# TASK PROMPT
Leave the images aside and repeat the whole listing exactly.

# RECORDED INFORMATION

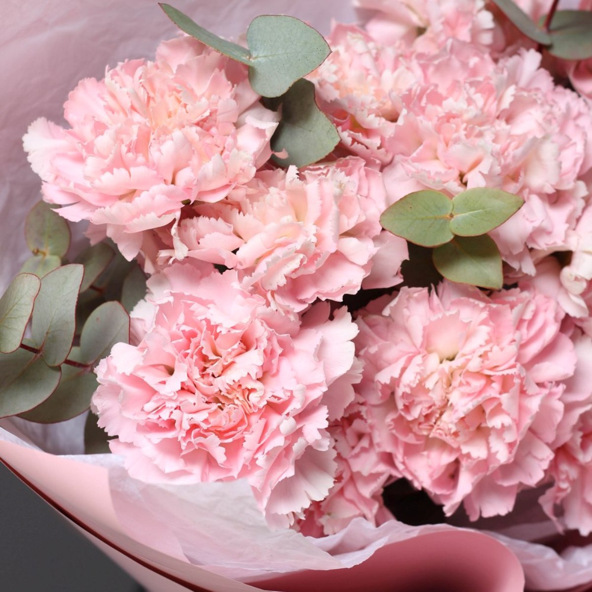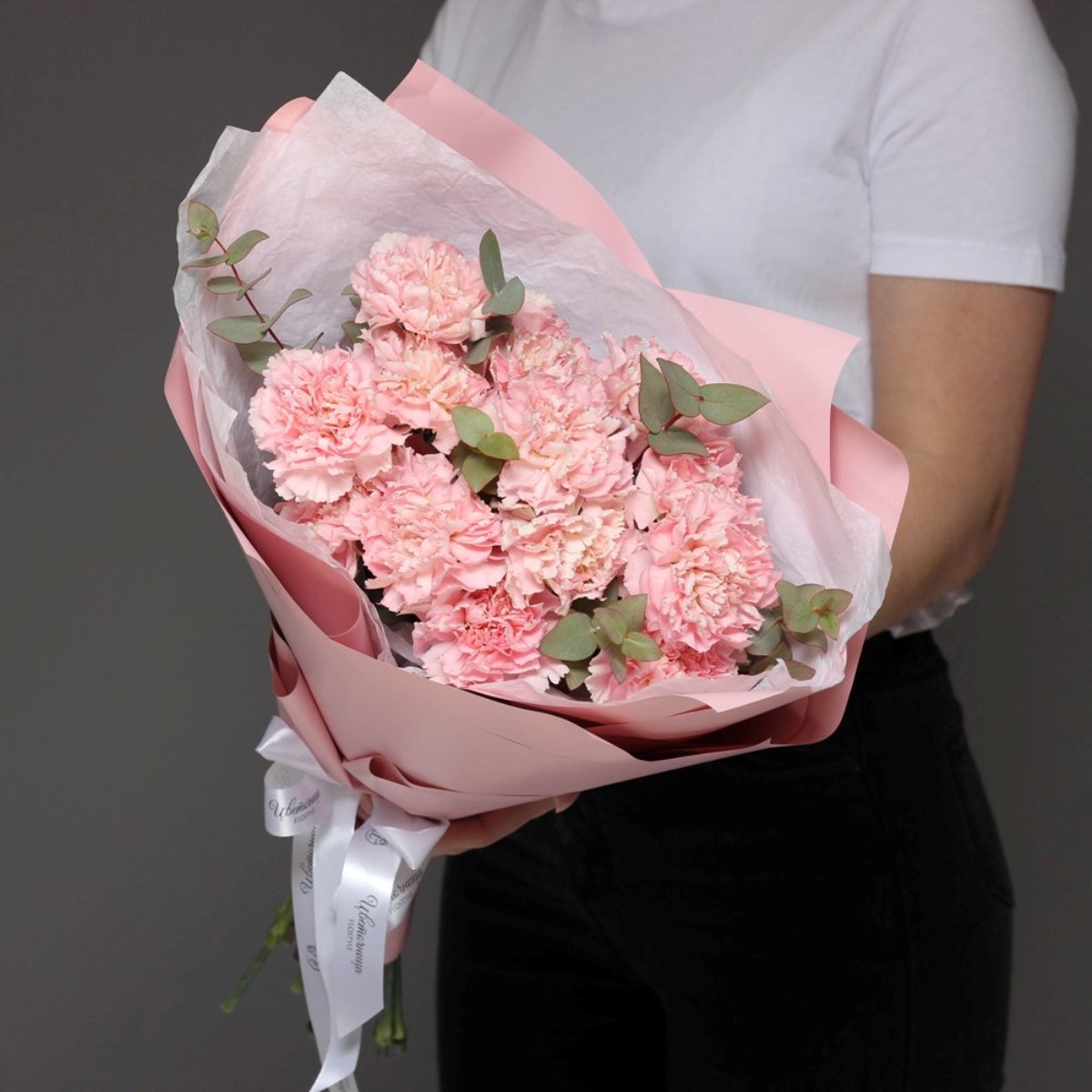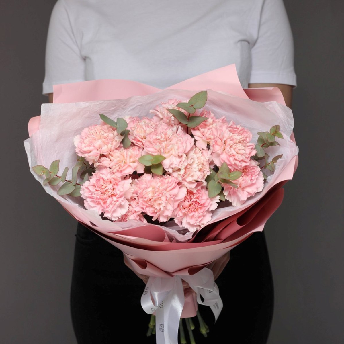 Состав: Диантусы Pink - 13 шт, Эвкалипт — 0,5 шт, Тишью белое, Матовая пленка розовая ушками
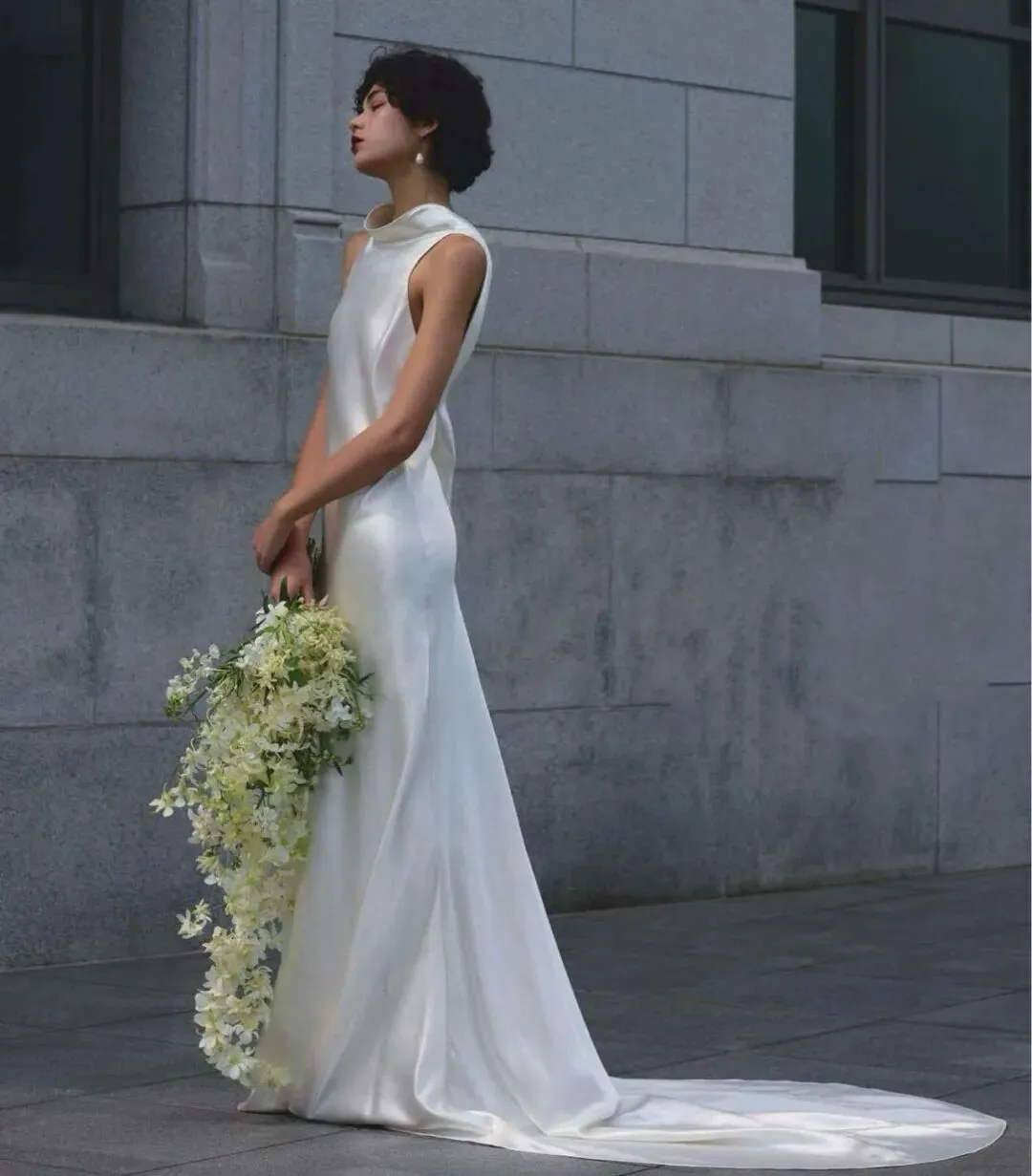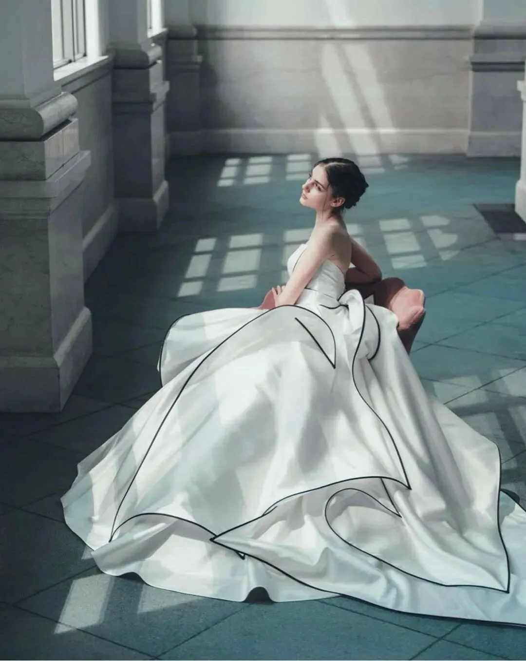 白色具有轻微的膨胀感,这使得礼服的轮廓和剪裁被极度强调。无论是鱼尾裙的性感曲线、A字裙的优雅弧度,还是蓬蓬裙的戏剧性体积,都在白色的诠释下显得无比清晰和充满力量。年轻女子光洁的额头、精致的发丝,不需任何多余的“语言”,如同一缕清风吹来,舒适遐想。
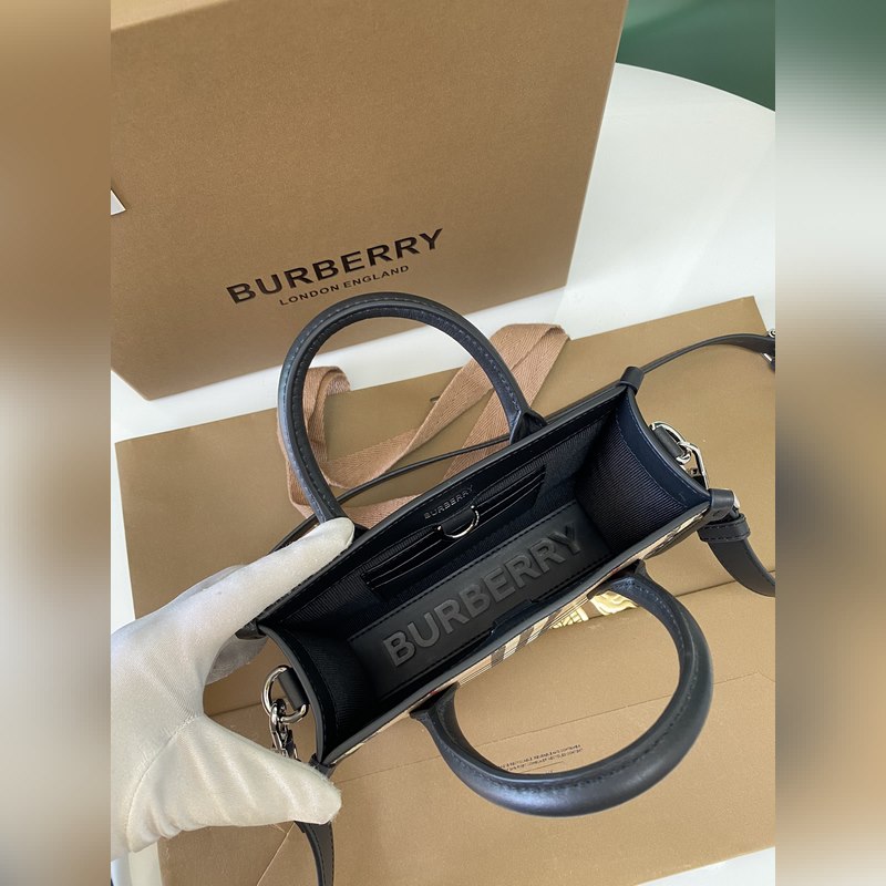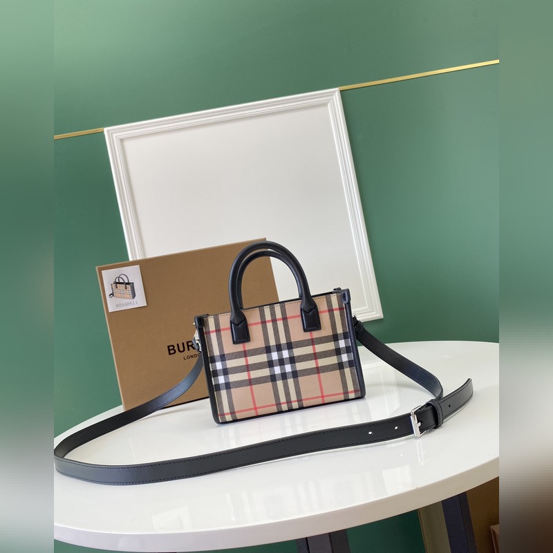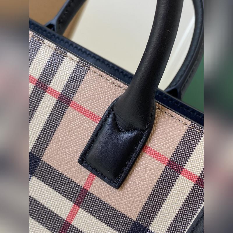 B의 새로운 토트백은 클래식한 타탄 패턴으로 장식되어 있습니다. 이 가방

# RESULT
 Состав: Диантусы Pink - 13 шт, Эвкалипт — 0,5 шт, Тишью белое, Матовая пленка розовая ушками
 白色具有轻微的膨胀感,这使得礼服的轮廓和剪裁被极度强调。无论是鱼尾裙的性感曲线、A字裙的优雅弧度,还是蓬蓬裙的戏剧性体积,都在白色的诠释下显得无比清晰和充满力量。年轻女子光洁的额头、精致的发丝,不需任何多余的“语言”,如同一缕清风吹来,舒适遐想。
 B의 새로운 토트백은 클래식한 타탄 패턴으로 장식되어 있습니다. 이 가방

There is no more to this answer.